There was an interesting session on geopolitics with Alastair Crooke of Conflicts Forum describing Europe as "the pig in the middle", wanting a relationship with China and with a more aggressive US/UK. Ambassador Chas Freeman called the AUKUS alliance “an empty vessel” “which might or might not deliver submarines in 20 years…more bluff than reality" while noting it has managed to unhinge US/ French relations.
China Dialogue’s Isabel Hilton called the Evergrande collapse a serious domestic issue, its debts representing 2% of GDP. She said there was a great deal of nervousness in the government over its support..."It's a delicate moment" Meanwhile she said the shine was coming off the Bridge and Road Initiative with many countries unable or unwilling to take on the infrastructure debt.
And returning to one of the forum’s primary concerns, Freeman said you can't get cooperation on climate change if you are calling China “a genocidal regime”. He thought the private sector and scientists would go forward with solutions while world leaders continued their “schoolyard squabbling”. This was echoed by another contributor who suggested that instead of nations agreeing to measures (and largely ignoring them), an approach based on sectors such as aviation or shipping might be more effective.

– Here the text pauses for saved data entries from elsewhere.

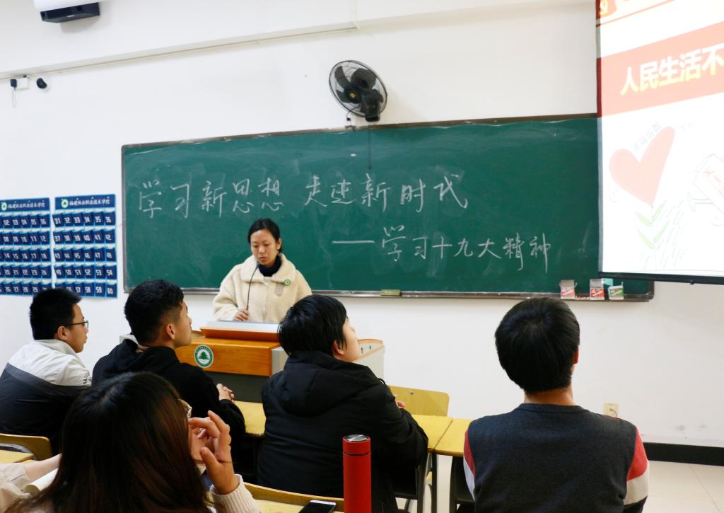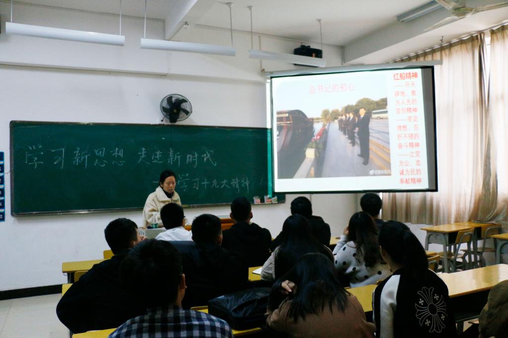 为贯彻落实习近平新时代中国特色社会主义思想和党的十九大精神,提高我支部入党积极分子的党性修养,为祖国培育优秀人才。我系学生第一党支部书记陈静老师于4月16日下午14:40在实训四606开展了“学习新思想不忘初心,走进新时代牢记使命――学习党的十九大精神”主题党课,参与此次党课的是第一党支部的入党积极分子。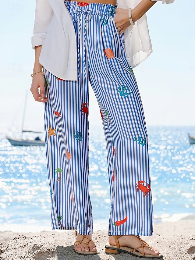 Per donna Gamba larga Chinos Vacanza Moda Streetwear Lunghezza intera Vita Alta A righe Tasca Fascia Elastica Stampato Comodo Comodità Morbido Elasticizzato All'aperto Vacanza Streetwear Blu Estate #17612682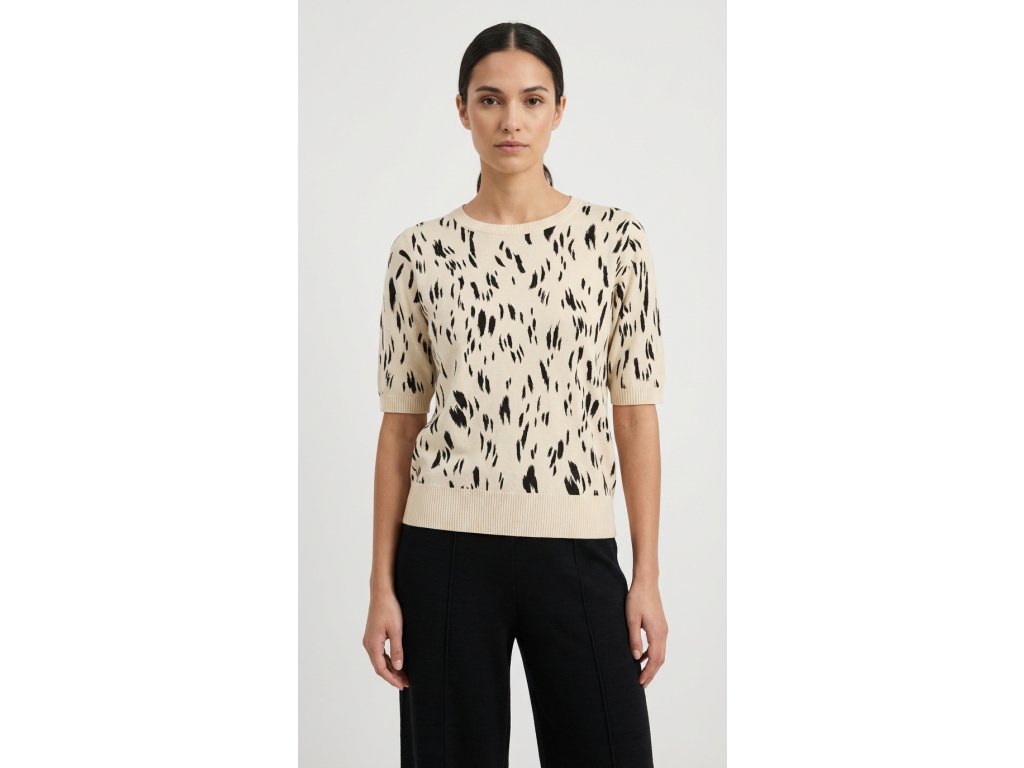 Dámsky jemný pulóver s krátkym rukávom BROADWAY NYC FASHION PRINT SAND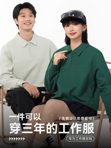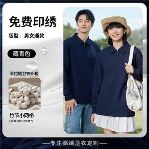 墨绿色半拉链polo衫定制工作服印logo员工秋冬季长袖开衫卫衣外套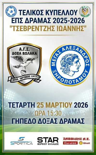 Η μεγάλη ώρα για το δραμινό ποδόσφαιρο έφτασε! Σήμερα, Τετάρτη 25 Μαρτίου στις 15:30, το ενδιαφέρον όλου του νομού στρέφεται στο Γήπεδο της Δόξας Δράμας, όπου θα διεξαχθεί ο 51ος Τελικός του Κυπέλλου Ερασιτεχνών «Ιωάννης Τσεβρεντζής» για την περίοδο 2025-2026.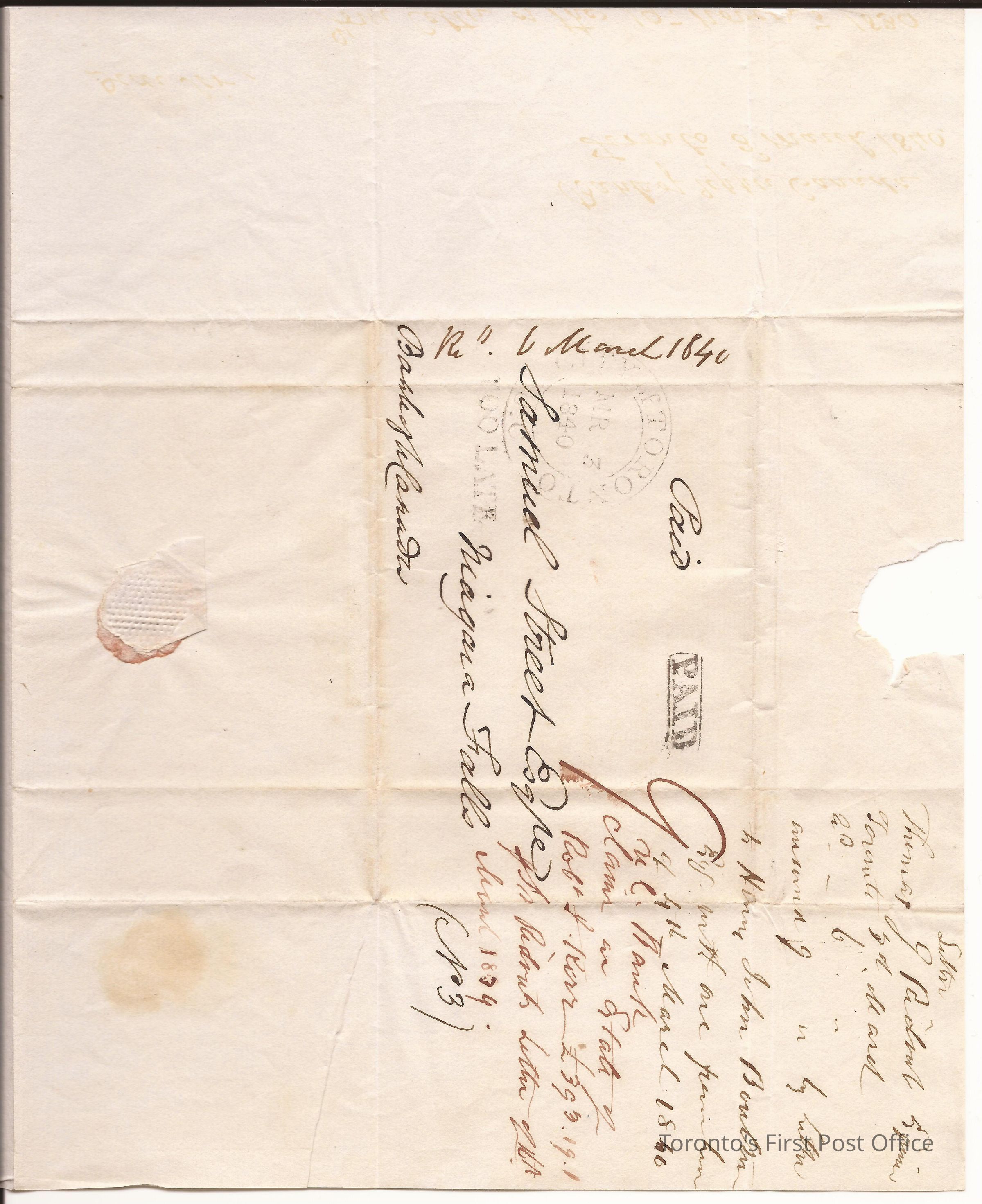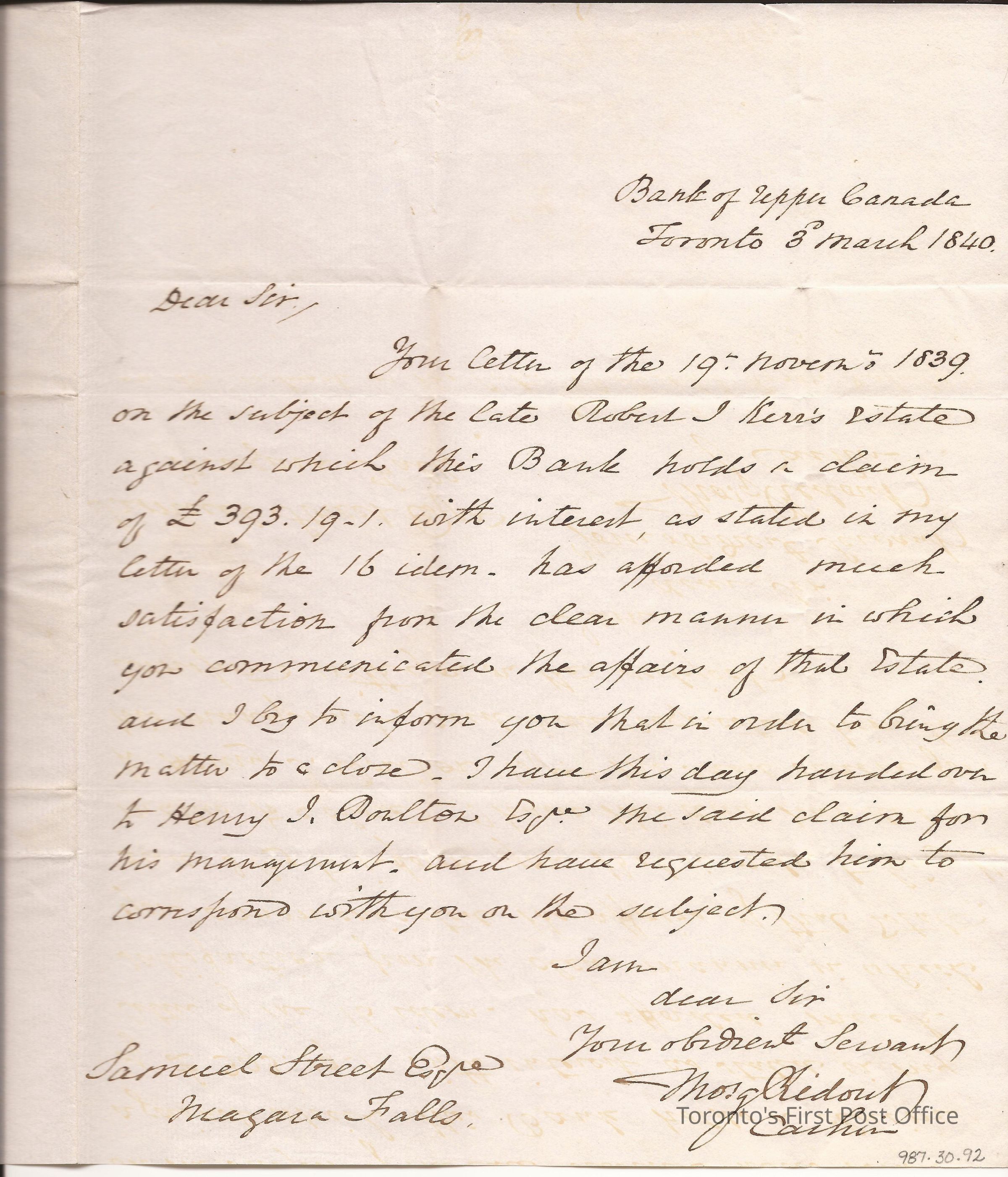 Letter to Samuel Street Esq. Niagara Falls; from Thos. G. Ridout Cashier; dated: Bank of Upper Canada Toronto 3 March 1840; re: Estate of Robert I Kerr bank's claim of £393.19.1 and handed over to Henry I Baulton Esq. from now on; postmarks: 1. black double circle "CITY OF TORONTO MR 3 1840", 2. black stamp "TOO LATE", 3. black stamp: "PAID"; postage: red manuscript "9"; unbleached, laid paper; black and red ink; watermark: crown emblem and initials "JMC".Update Date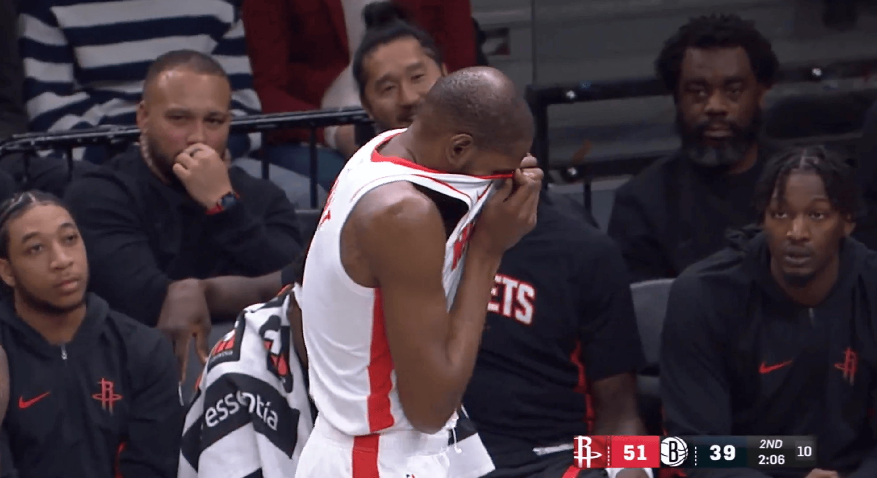 比赛中,篮网球员沃尔夫三不沾后,篮球砸到杜兰特的脸上,杜兰特随即脱口而出一句: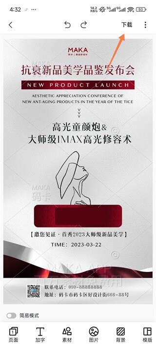 MAKA设计安卓版的界面简洁又友好,操作起来很简单,你只要通过拖拽就能完成设计,不需要复杂的学习步骤,短时间内就能上手,做出精美的作品。设计的时候还能随时预览效果,方便及时调整优化,作品完成后可以一键分享到微信、微博等社交平台。

Policy making at an international level needed to be "more coherent" at the upcoming COP26, Anudrand Capital Management's Mark Lewis told the forum and that the focus also needed to shift from fossil fuel supply to demand.
For the industry itself, McKinsey’s Giorgio Bresciani saw companies taking three approaches to the transition: 1) Traditional resource specialists upgrading their portfolios to advantaged oil (think US majors) 2) Mixed energy, keeping valuable assets and moving capital into renewables (many European IOCs); and 3) Low carbon pure players divesting from their core business. On the last two categories Kim Fustier from HSBC made the point that it was not acceptable for an IOC to simply sell assets to companies who were not as stringent about environmental restrictions. EI’s Phillippe Roos then asked if that also applied to big investors divesting to investors who also may not care as much?
The question then is which companies are on the right path in a world with tremendous levels of political and economic volatility and uncertainty coupled with a narrative of extreme weather events? And perhaps the biggest uncertainty of all is technological. How quickly and deeply reneweables will take over and whether there will be some new disruptive breakthrough. Next year’s EI Forum will likely continue to add more clarity, although the fact that we don’t know whether it will be virtual or in person is itself a marker of the times we live in.